Sort of. At a certain threshold, everything is untested. I’d put this closer to modified than untested—the general config was tested in Artemis I and the specific configuration in a variety of ground tests.
It failed testing. What you’re describing is the exact same thinking that destroyed Challenger. The O-rings are leaking, they’re not supposed to do that at all, but they’re not leaking enough to cause a failure....
Artemis II is scheduled for re-entry to Earth on April 10th. That is when the heat shield issue will be the most dangerous.
If it fails and the mission fails with loss of life while knowing it went ahead despite the IG report about the heat shield... It might be the end of NASA.
For manned spaceflight, I'd say it already has. NASA itself has launched a grand total of one manned flight since July 2011. China has launched 14 and SpaceX has launched 20. Worse, the NASA vehicle is completely unsustainable. It was obsolete before it ever flew and it's so expensive that the mission launched yesterday likely costs more than the entire R&D cost of SpaceX's rocket and capsule.

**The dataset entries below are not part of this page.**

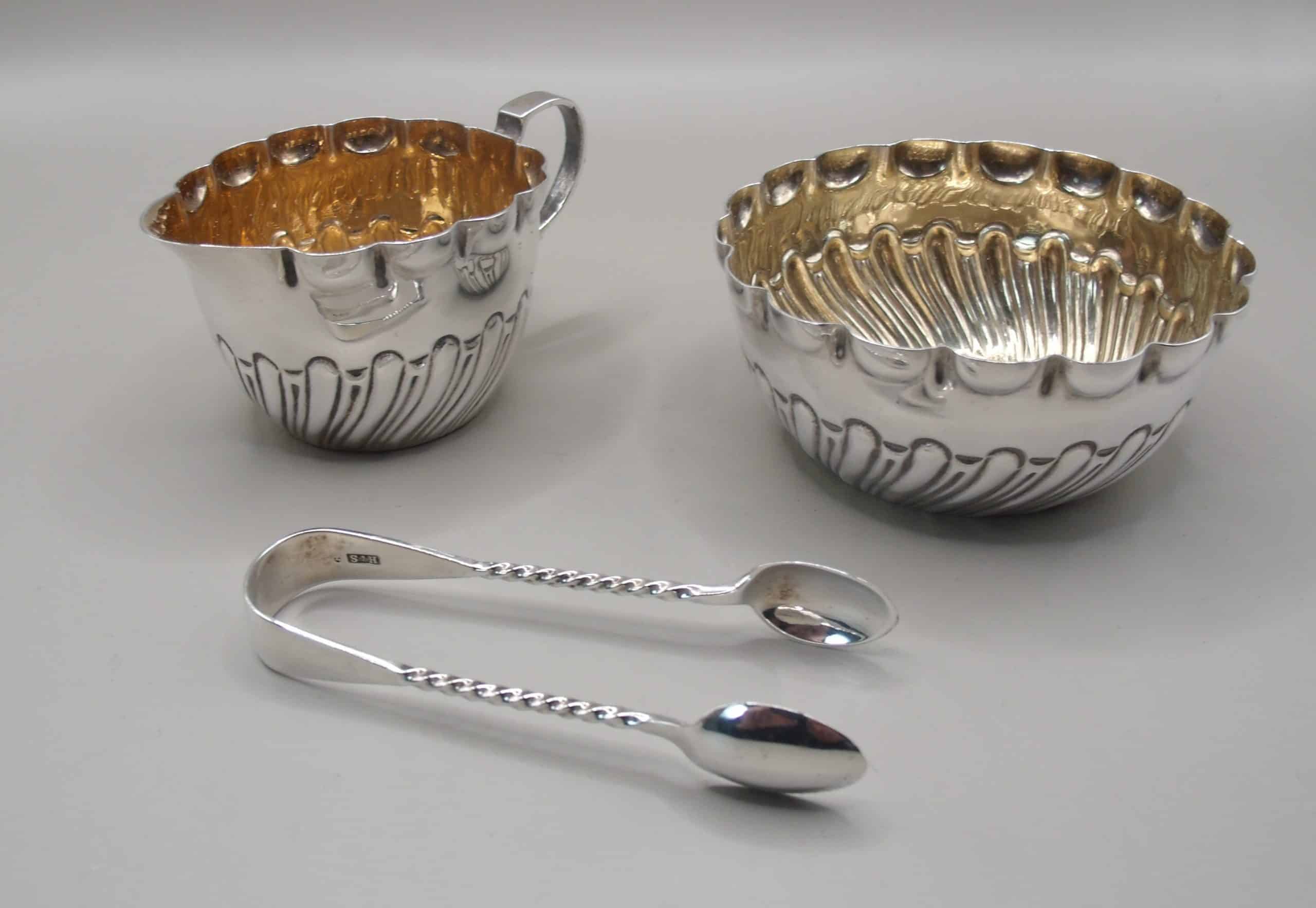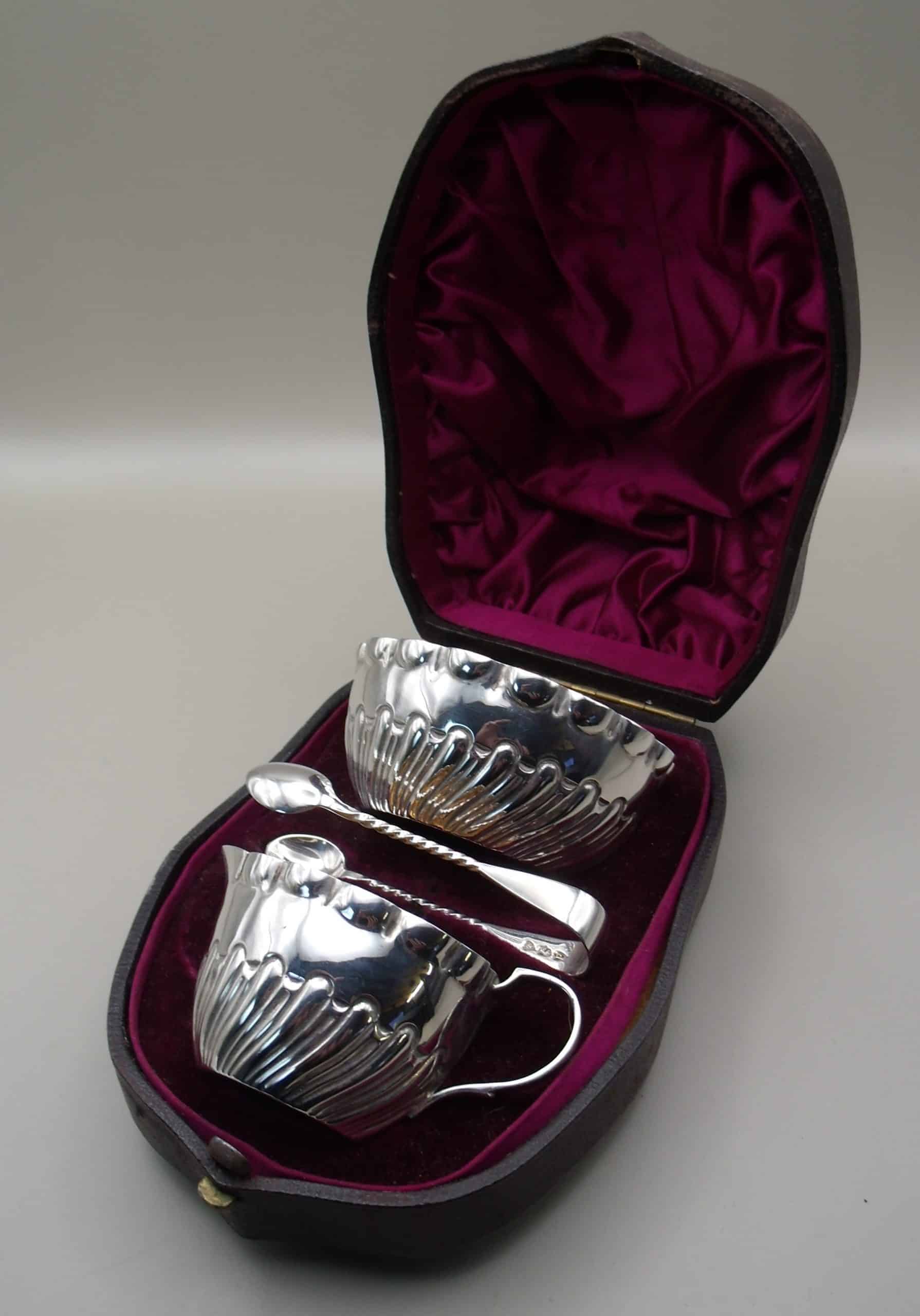 A Victorian Sterling Silver cased three piece tea service comprising a sugar bowl, sugar tongs and milk jug. All three pieces are marked for the Sheffield silversmith Henry Stratford with date letters for 1890.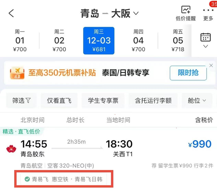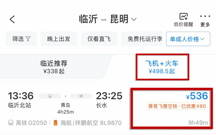 即日起至2025年12月31日,青岛机场“青易飞 惠空铁”系列空铁联运福利持续放送,当日乘高铁来青岛机场搭乘国内及国际(含地区)航班出行的旅客(始发及到达城市具体站点),在实现“一次购票、一次支付”的同时,可享受高铁/动车二等座/城际票价最高直减80元优惠,往返均适用。旅客只需在携程APP机票频道输入高铁出发城市与航班最终目的地,系统将自动推荐包含“飞机+火车”的联运方案,选择并认准带有“青易飞 惠空铁”专属标识的班次,其显示价格即为已立减后的优惠价格。(温馨提示:高铁班次及中转航线持续更新,数量有限,请以携程实时查询为准。)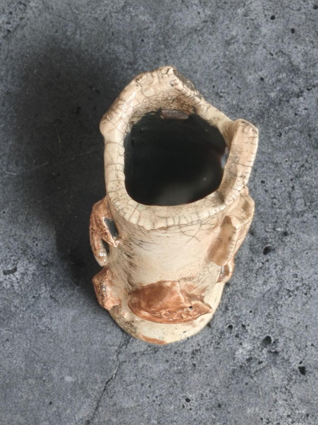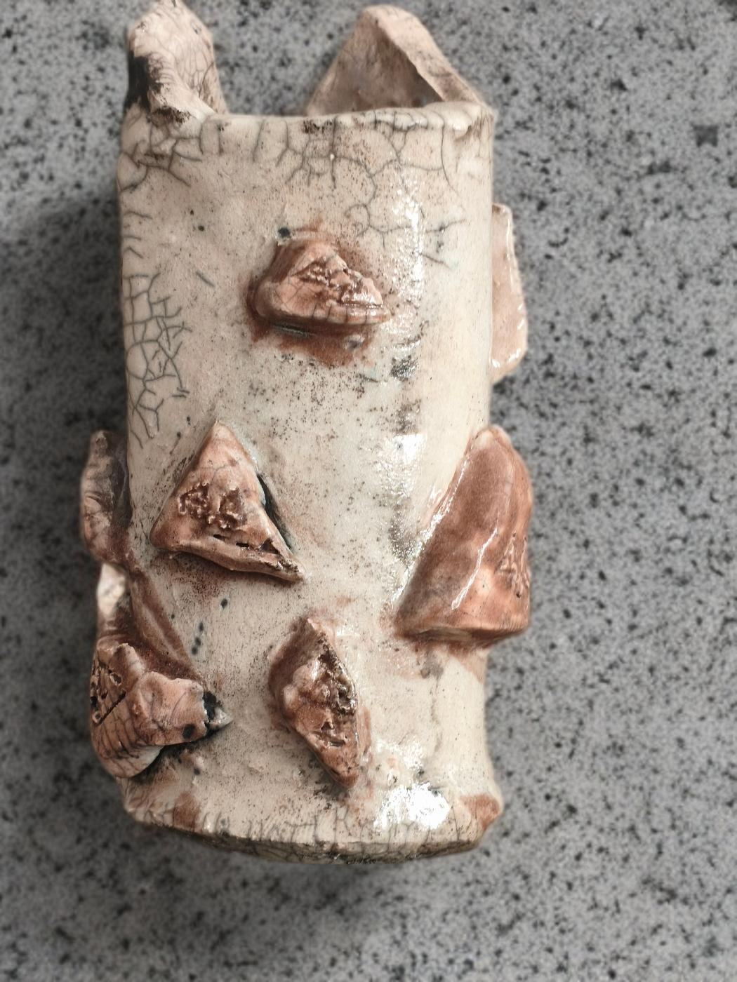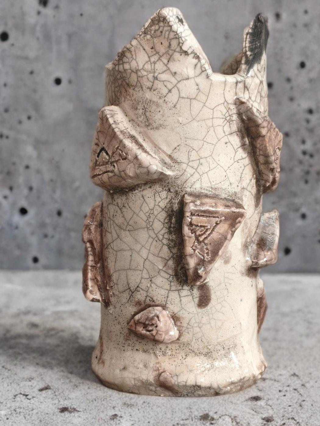 Neutral-toned cylindrical vase with cracked texture and geometric clay accents.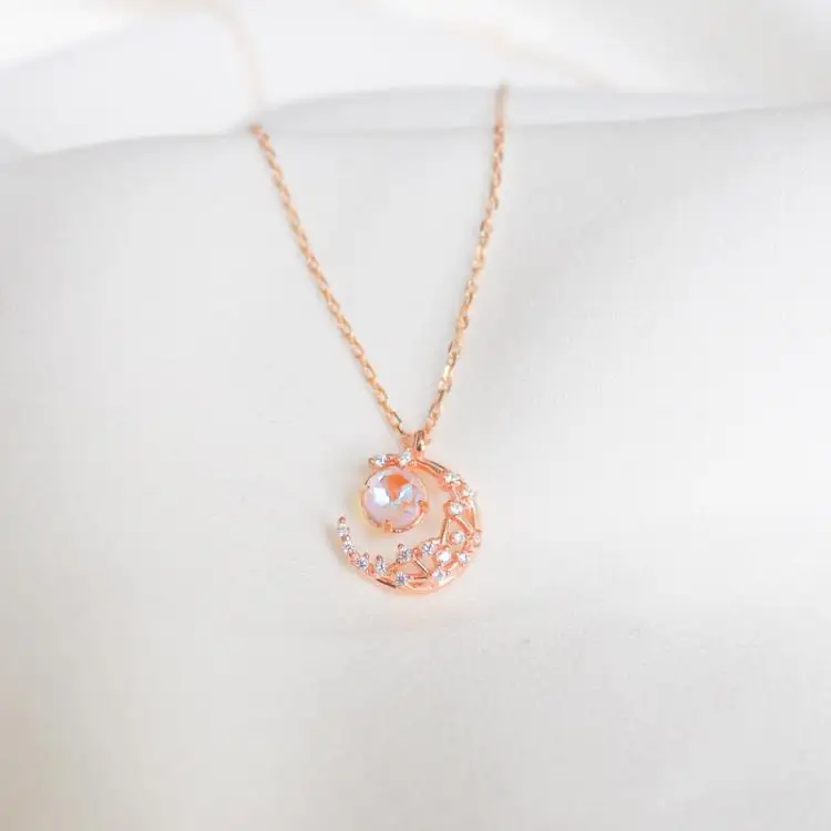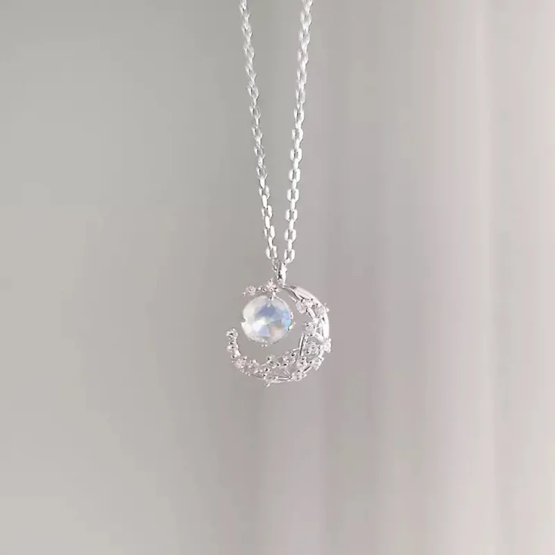 Ожерелье с кулоном в виде полумесяца, из серебра 925 пробы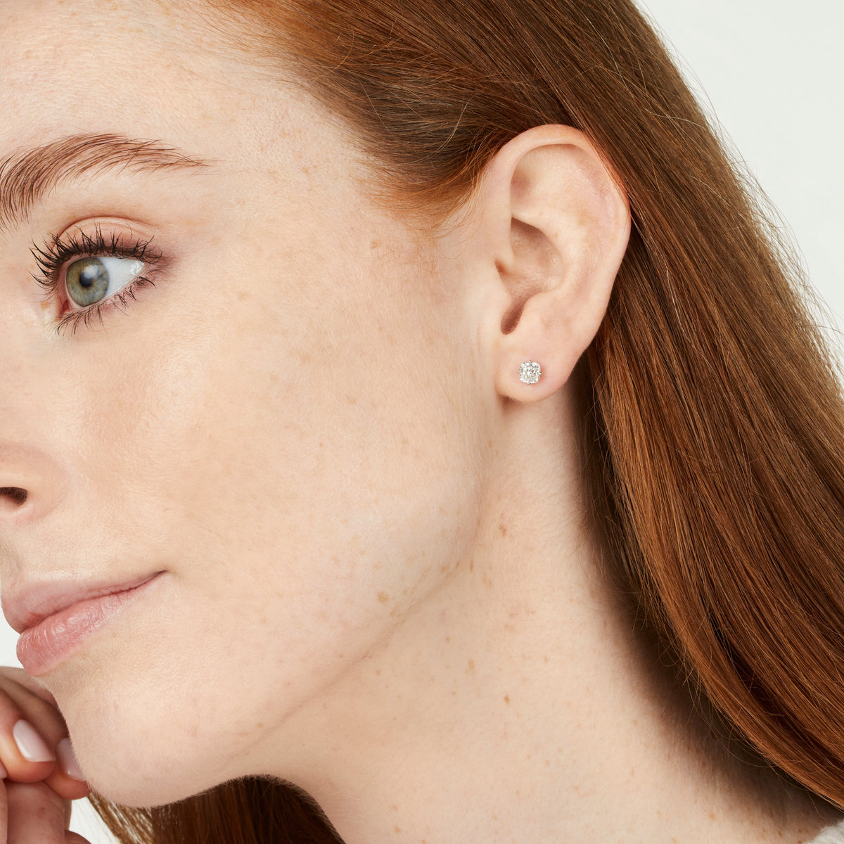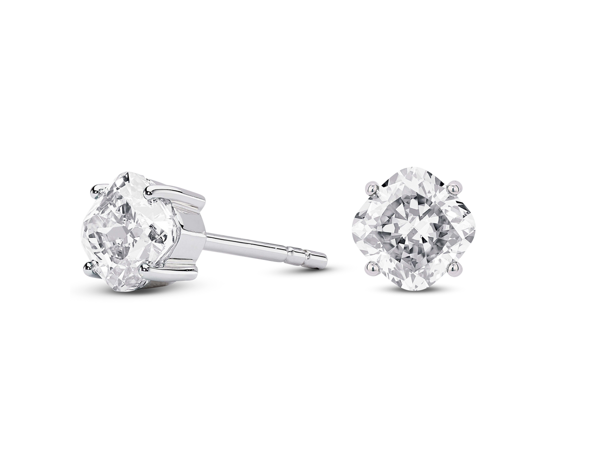 Find your everyday classic jewelry essential in our cushion cut collection. Being the perfect blend between a square and round cut, cushions are known for their depth of sparkle. Choose between our signature icy blue, blush pink or radiant white cushion cut studs set in 14k gold.

Probably China's too.
The problem is that the purpose of NASA's manned spaceflight program isn't to explore space. It's to make the President look good (and I'm not just talking about the current one here) and funnel money to contractors. In that respect it's doing quite well.
Sort of. At a certain threshold, everything is untested. I’d put this closer to modified than untested—the general config was tested in Artemis I and the specific configuration in a variety of ground tests.